** DATA SHOWN follows **
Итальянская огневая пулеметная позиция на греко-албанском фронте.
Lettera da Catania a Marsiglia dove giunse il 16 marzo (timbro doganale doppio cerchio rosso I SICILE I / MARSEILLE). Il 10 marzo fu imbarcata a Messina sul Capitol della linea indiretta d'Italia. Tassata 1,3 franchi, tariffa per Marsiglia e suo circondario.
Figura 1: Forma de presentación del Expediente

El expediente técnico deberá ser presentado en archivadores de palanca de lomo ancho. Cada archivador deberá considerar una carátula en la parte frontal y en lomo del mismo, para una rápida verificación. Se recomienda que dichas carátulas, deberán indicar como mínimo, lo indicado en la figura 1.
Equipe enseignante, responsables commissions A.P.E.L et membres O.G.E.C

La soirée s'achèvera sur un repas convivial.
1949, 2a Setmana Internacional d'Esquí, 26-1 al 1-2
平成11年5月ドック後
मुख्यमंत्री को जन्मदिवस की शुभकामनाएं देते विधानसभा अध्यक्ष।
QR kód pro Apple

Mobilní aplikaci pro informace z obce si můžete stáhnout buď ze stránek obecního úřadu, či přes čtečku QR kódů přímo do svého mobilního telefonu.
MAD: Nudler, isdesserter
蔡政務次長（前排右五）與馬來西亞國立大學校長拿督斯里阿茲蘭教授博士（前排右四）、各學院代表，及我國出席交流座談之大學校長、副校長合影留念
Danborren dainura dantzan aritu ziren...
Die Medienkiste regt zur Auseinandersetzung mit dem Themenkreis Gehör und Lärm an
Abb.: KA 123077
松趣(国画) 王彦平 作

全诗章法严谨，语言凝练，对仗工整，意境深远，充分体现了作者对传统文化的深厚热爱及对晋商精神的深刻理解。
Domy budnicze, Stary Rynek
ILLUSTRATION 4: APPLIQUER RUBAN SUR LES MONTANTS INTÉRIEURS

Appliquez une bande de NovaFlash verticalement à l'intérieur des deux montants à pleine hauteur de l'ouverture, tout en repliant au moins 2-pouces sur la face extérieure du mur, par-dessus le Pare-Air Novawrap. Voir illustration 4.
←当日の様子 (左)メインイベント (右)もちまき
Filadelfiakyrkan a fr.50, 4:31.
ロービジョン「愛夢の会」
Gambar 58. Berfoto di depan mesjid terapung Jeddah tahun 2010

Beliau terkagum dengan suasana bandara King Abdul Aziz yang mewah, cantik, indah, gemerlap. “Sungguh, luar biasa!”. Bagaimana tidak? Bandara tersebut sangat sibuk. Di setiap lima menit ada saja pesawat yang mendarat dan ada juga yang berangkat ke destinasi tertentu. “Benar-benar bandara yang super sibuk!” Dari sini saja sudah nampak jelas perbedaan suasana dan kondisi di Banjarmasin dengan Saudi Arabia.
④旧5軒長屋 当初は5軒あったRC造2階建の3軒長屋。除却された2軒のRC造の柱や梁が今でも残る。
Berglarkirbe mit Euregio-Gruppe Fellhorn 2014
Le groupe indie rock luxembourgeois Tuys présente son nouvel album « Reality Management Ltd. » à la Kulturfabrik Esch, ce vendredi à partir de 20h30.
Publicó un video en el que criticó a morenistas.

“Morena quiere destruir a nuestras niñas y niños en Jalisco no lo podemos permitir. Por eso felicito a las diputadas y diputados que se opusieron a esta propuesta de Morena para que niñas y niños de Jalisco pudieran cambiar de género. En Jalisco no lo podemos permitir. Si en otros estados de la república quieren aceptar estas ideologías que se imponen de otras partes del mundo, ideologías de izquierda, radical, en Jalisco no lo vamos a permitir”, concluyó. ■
** End of DATA SHOWN **
> EXERCISE REQUIREMENTS: Only the lines from the first one of the listing up to and including the line where "El expediente técnico" appears are wanted, reproduced exactly.

> ANSWER SECTION:
Итальянская огневая пулеметная позиция на греко-албанском фронте.
Lettera da Catania a Marsiglia dove giunse il 16 marzo (timbro doganale doppio cerchio rosso I SICILE I / MARSEILLE). Il 10 marzo fu imbarcata a Messina sul Capitol della linea indiretta d'Italia. Tassata 1,3 franchi, tariffa per Marsiglia e suo circondario.
Figura 1: Forma de presentación del Expediente

El expediente técnico deberá ser presentado en archivadores de palanca de lomo ancho. Cada archivador deberá considerar una carátula en la parte frontal y en lomo del mismo, para una rápida verificación. Se recomienda que dichas carátulas, deberán indicar como mínimo, lo indicado en la figura 1.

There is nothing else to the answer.